Task to complete: Beginning with the line that includes "赣州市部分医院(见下表)24小时备有抗蛇毒血清,专业团队为您解毒。", return every remaining line of the material exactly as it reads, but not the pictures.

Source material:

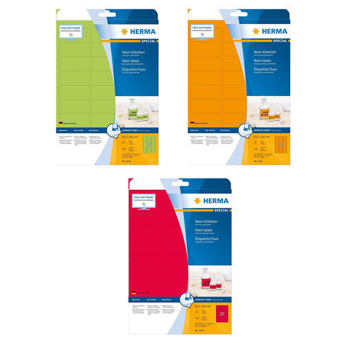 Illuminate your labeling tasks with Herma Luminous Neon Labels! This pack includes 20 A4-sized labels in vibrant neon colors, each measuring 63.5x29.6mm, offering high visibility and impact. With a luminous finish, these labels stand out in low-light conditions or crowded environments, making them perfect for attention-grabbing signage, event promotion, or creative projects. Whether for business presentations, party decorations, or arts and crafts, these luminous neon labels provide versatility and excitement for all your labeling needs. Get ready to shine bright with Herma Luminous Neon Labels!
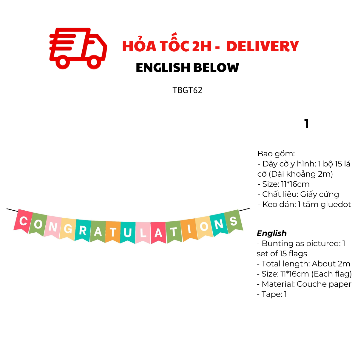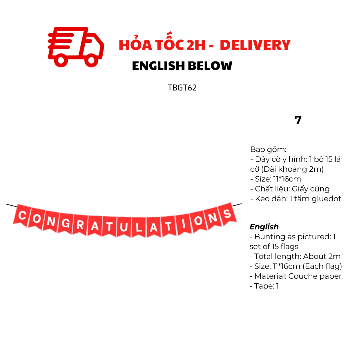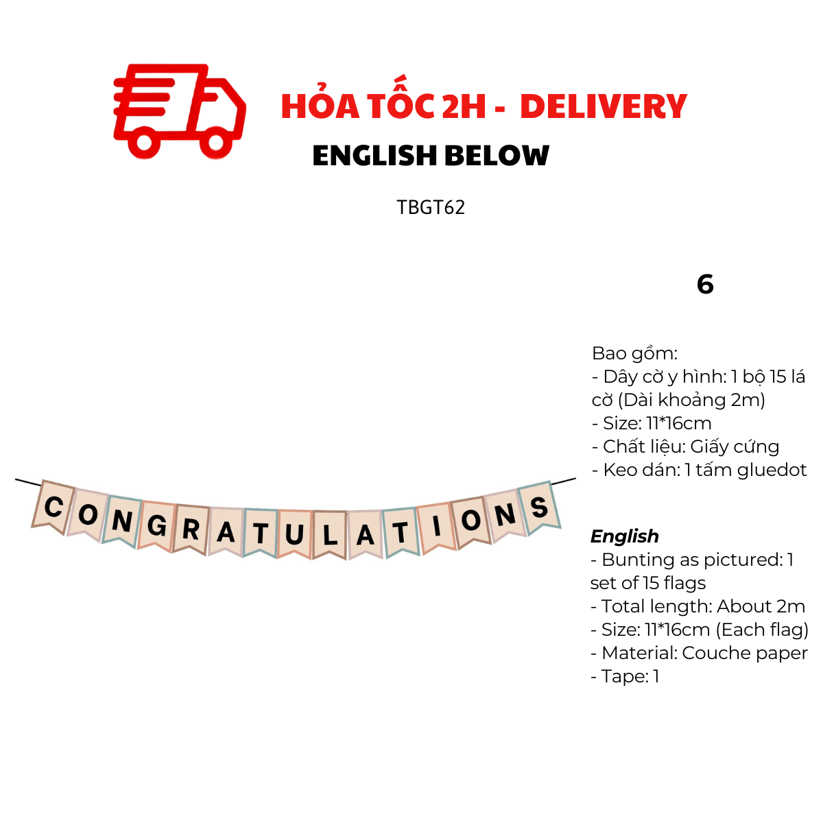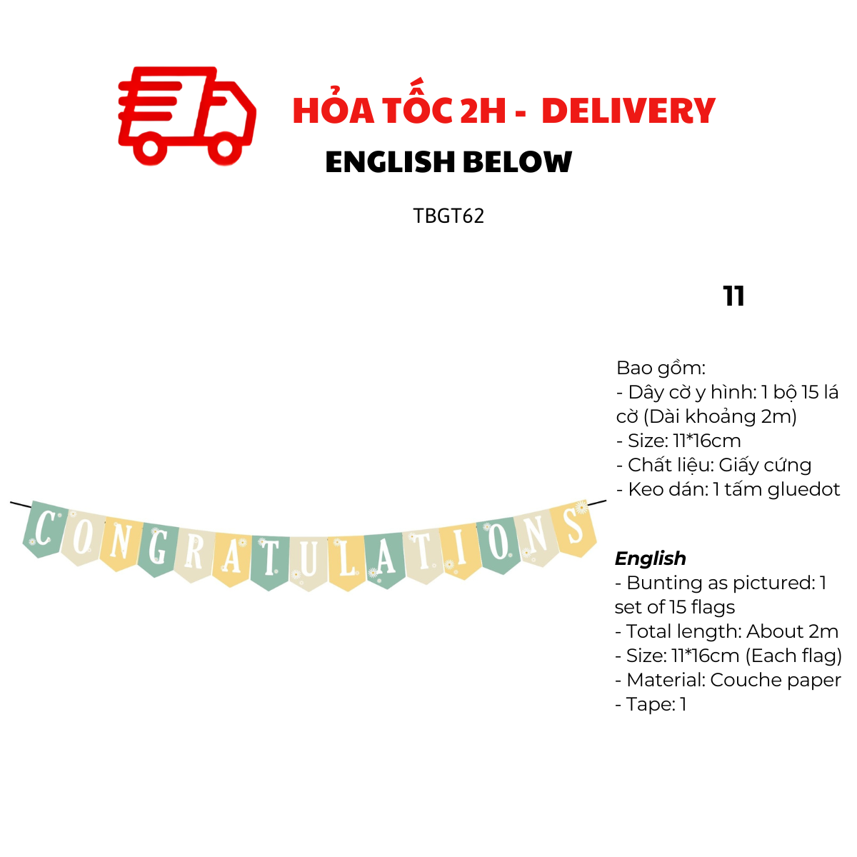 Tô điểm không gian buổi tiệc với Dây Cờ CONGRATULATIONS – món phụ kiện trang trí tuyệt vời cho các dịp đặc biệt như lễ tốt nghiệp, tiệc chúc mừng, khai trương hoặc sinh nhật. Với phông chữ nổi bật, màu sắc tươi sáng và thiết kế sang trọng, dây cờ giúp tạo điểm nhấn thu hút và lan tỏa không khí vui tươi trong buổi lễ.
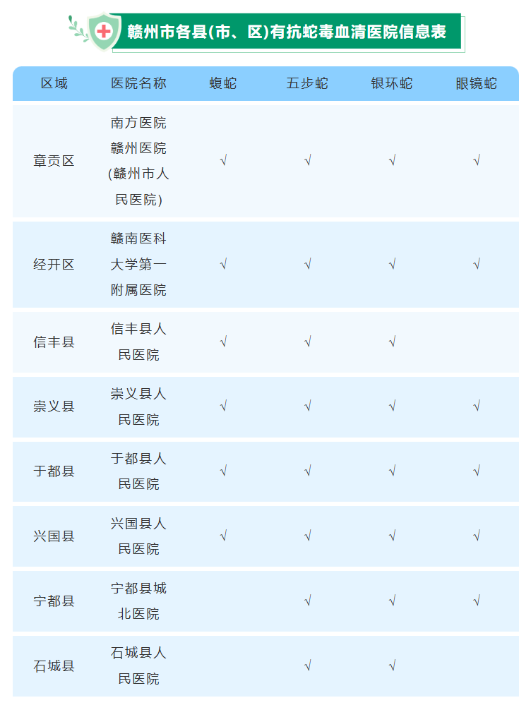 赣州市部分医院(见下表)24小时备有抗蛇毒血清,专业团队为您解毒。
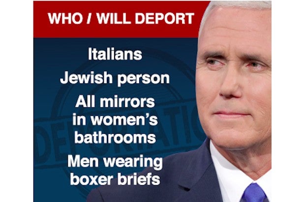 As President, Pence promises to deport “Italians, Jewish Persons, All mirrors in women’s bathrooms, and men wearing boxer briefs.”

Output for this exercise:
 赣州市部分医院(见下表)24小时备有抗蛇毒血清,专业团队为您解毒。
 As President, Pence promises to deport “Italians, Jewish Persons, All mirrors in women’s bathrooms, and men wearing boxer briefs.”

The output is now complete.